Las acciones de semiconductores que cotizan en Hong Kong cayeron bruscamente en las operaciones de la tarde del 18 de mayo, con Innoscience (英诺赛科) desplomándose más del 8%, desafiando la narrativa general del mercado de un repunte liderado por la tecnología en China. La venta masiva, en la que Hua Hong Semiconductor también cayó más del 1%, se produce en medio de lo que los analistas llaman «involución» (involution): una competencia interna feroz que presiona los márgenes incluso en los sectores seleccionados por Pekín para el crecimiento.
«Puede que China haya vuelto, pero la volatilidad impulsada por la política y las noticias no ha desaparecido», escribió Manishi Raychaudhuri, fundador y CEO de Emmer Capital Partners, en un comentario reciente para Reuters. «Por lo tanto, los inversores deben proceder con cautela y no escatimar en la diligencia debida».
La debilidad del sector fue específica; las ganancias matutinas de GigaDevice Innovation se redujeron a menos del 6% al cierre. El movimiento contrastó con un sólido desempeño en lo que va de año para algunas empresas como Huahong Semiconductor, que subía un sorprendente 56% hasta mediados de mayo, según datos de Reuters. Sin embargo, el sector de servicios tecnológicos en general, incluidos gigantes como Tencent y Baidu, había caído un 17% durante el mismo período, lo que refleja la ansiedad de los inversores por los altos costes de desarrollo y la intensa competencia.

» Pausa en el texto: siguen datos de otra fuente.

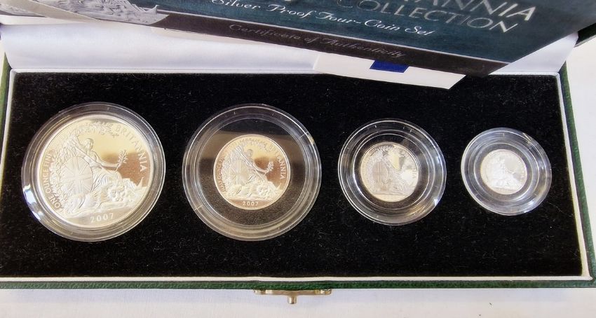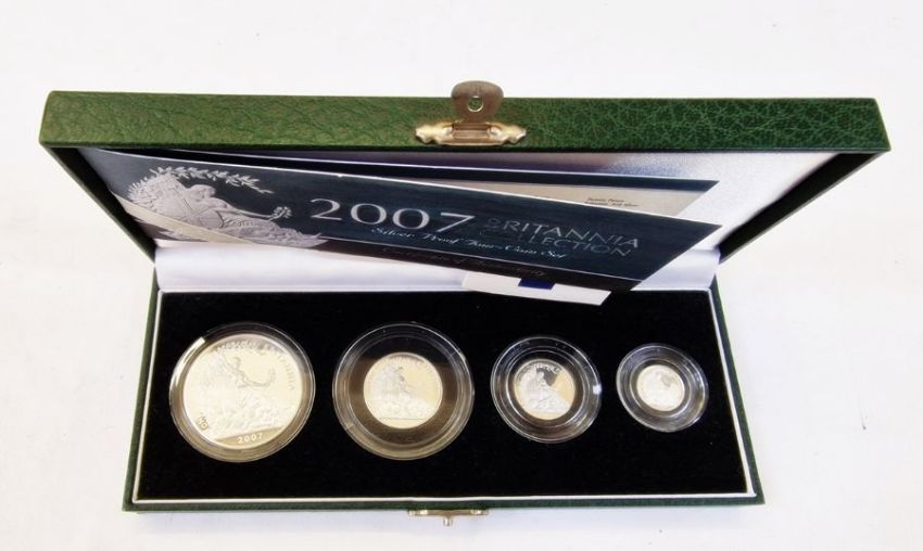 2007 Britannia silver proof coin set Royal Mint boxed & certified, The 2007 Britannia silver proof four coin set contains four coins struck in 0.958 silver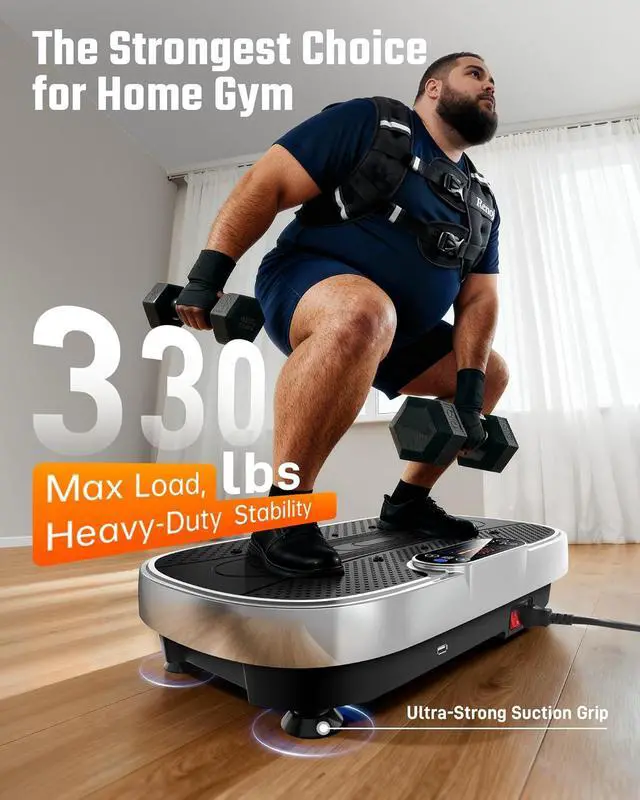STABLE, QUIET & POWERFUL Engineered for performance and safety. This heavy-duty piece of workout equipment features a durable ABS shell and four anti-slip suction cups for maximum stability. The powerful 200W motor runs quietly and supports up to 330 lbs, ensuring a secure and effective workout every time

La divergencia subraya el creciente desafío para los inversores en el espacio tecnológico de China. Si bien el impulso de Pekín hacia la autosuficiencia ha inyectado capital en la industria, también ha creado un campo abarrotado donde las empresas están enfrascadas en una feroz batalla por la cuota de mercado, a menudo a expensas de la rentabilidad. Esta dinámica, visiblemente marcada en las guerras de precios de los vehículos eléctricos, está creando ahora una clara división entre ganadores y perdedores en la industria de semiconductores, que requiere mucho capital.
Fortunas divergentes ante el impulso político
Los esfuerzos de Pekín por modernizar la economía del país mediante la inversión en tecnología avanzada han mostrado resultados claros: la fabricación de alta tecnología ayudó a impulsar un crecimiento del PIB del 5,0% en el primer trimestre, mejor de lo esperado. Esto se ha traducido en un rendimiento superior para los sectores industrial y tecnológico de Hong Kong este año.
Sin embargo, el rendimiento dentro de esos sectores diverge drásticamente. En el sector de los vehículos eléctricos, las acciones de Geely y BYD han subido este año gracias a las sólidas exportaciones, mientras que rivales más pequeños como XPeng han caído más del 20%. Una historia similar se está produciendo en los chips, donde el líder de la industria SMIC bajó más del 5% en el año hasta mediados de mayo por la preocupación sobre los fuertes gastos de capital, incluso mientras su rival más pequeño, Huahong, repuntaba.
El contrapunto global de la IA
La presión sobre los fabricantes de chips chinos contrasta con el auge impulsado por la IA en otros lugares. Singapur, por ejemplo, vio cómo sus exportaciones de productos electrónicos se disparaban un 66,7% en abril, lideradas por un salto del 82,7% en los circuitos integrados, según datos de Enterprise Singapore. Los economistas atribuyen esto a la robusta demanda mundial de infraestructura relacionada con la IA.
Esta tendencia ha beneficiado a empresas como Applied Materials, que subió con fuerza tras posicionarse como beneficiaria directa de la aceleración de la inversión en IA. La divergencia resalta el difícil panorama para las empresas chinas, que deben navegar no solo por una intensa competencia interna, sino también por las tensiones geopolíticas y las restricciones comerciales de EE. UU. que pueden limitar su acceso a los mercados y tecnologías globales.
Este artículo es solo para fines informativos y no constituye asesoramiento de inversión.